I'm actively looking for PhD positions!
Here is my statement of purpose.
I am a senior undergraduate student at the EECS school of Peking University. I am currently working remotely with Prof. Tim Althoff and Prof. Amy Zhang. Last fall, I was a visiting student at the Paul G. Allen School of Computer Science & Engineering at The University of Washington.
I am broadly interested in studying the gap between human behavior and computer. Today, as computers become more and more integrated into our daily life, it is important to figure out a way to bridge this gap. I design, build, and study tools to help machines to handle and interpret the complexibility in human behaviors, while applying techniques from Human-Computer Interaction, Visualization, Machine Learning, and Software Engineering.

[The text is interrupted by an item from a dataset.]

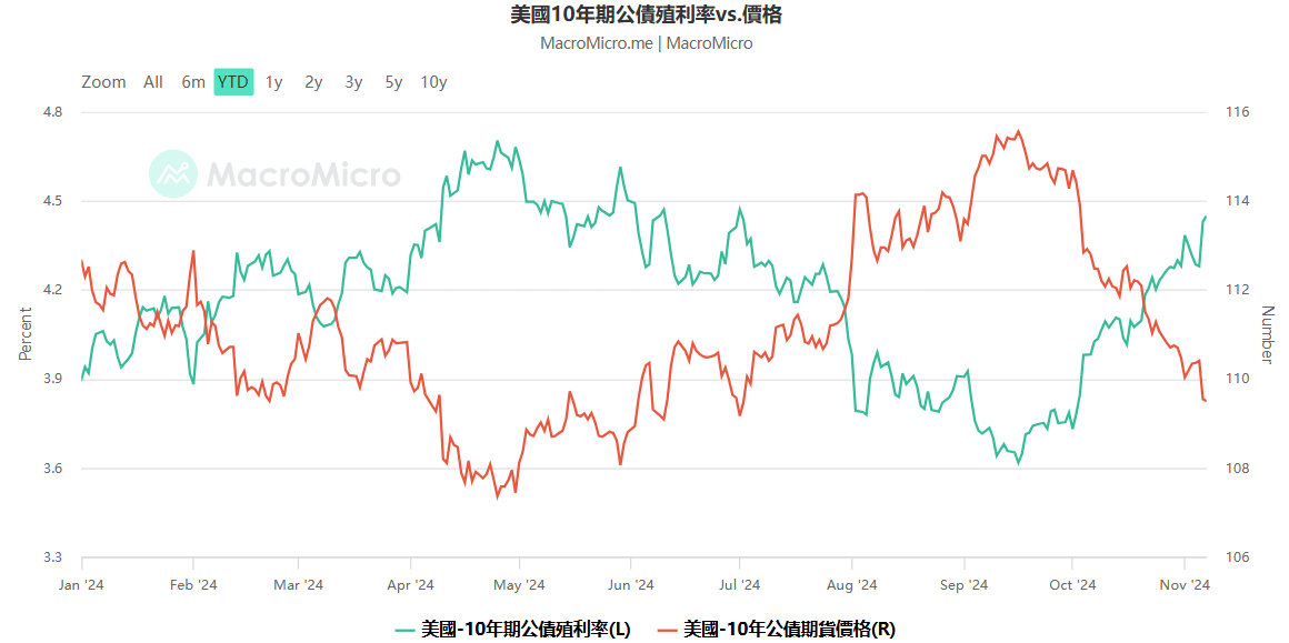 而在作为传统避险资产的美债价格,侭管联準会(Fed)已𫔭啟新一轮货币宽鬆周期,但随著川普宣布获胜,预期可能会让通膨复燃的背景下,美国 10 年期公债殖利率在 6 日升至 4.43%。(目前微幅下滑至 4.34%)

Currently, I am particularlly interested in studying data scientist behaviors. With an exponential increase in available data and a growing culture of "data-driven discovery", analysis tools have enjoyed widespread innovation and adoption. However, robust processes to guide the use of these systems remain in relatively short supply. My work is related to the following problems that data scientists typically encounter when programming:
Mining Collective Data Science Knowledge from Code on the Web to Suggest Alternative Data Analysis Approaches
Mike Merril, Ge Zhang, Tim Althoff
In submission to WWW 2021
LOP-OCR: A Language-Oriented Pipeline for Large-chunk Text OCR
Zijun Sun*, Ge Zhang*, Junxu Lu, Jiwei Li
Large scale analysis of source code, and in particular scientific source code, holds the promise of better understanding the data science process, identifying analytical best practices, and providing insights to the builders of scientific toolkits. However, large corpora have remained unanalyzed in depth, as descriptive labels are absent and require expert domain knowledge to generate. We propose a novel weakly supervised transformer-based architecture for computing joint representations of code from both abstract syntax trees and surrounding natural language comments. Our model enables us to examine a set of 118,000 Jupyter Notebooks to uncover common data analysis patterns. Focusing on notebooks with relationships to academic articles, we conduct the largest ever study of scientific code and find that notebook composition correlates with the citation count of corresponding papers.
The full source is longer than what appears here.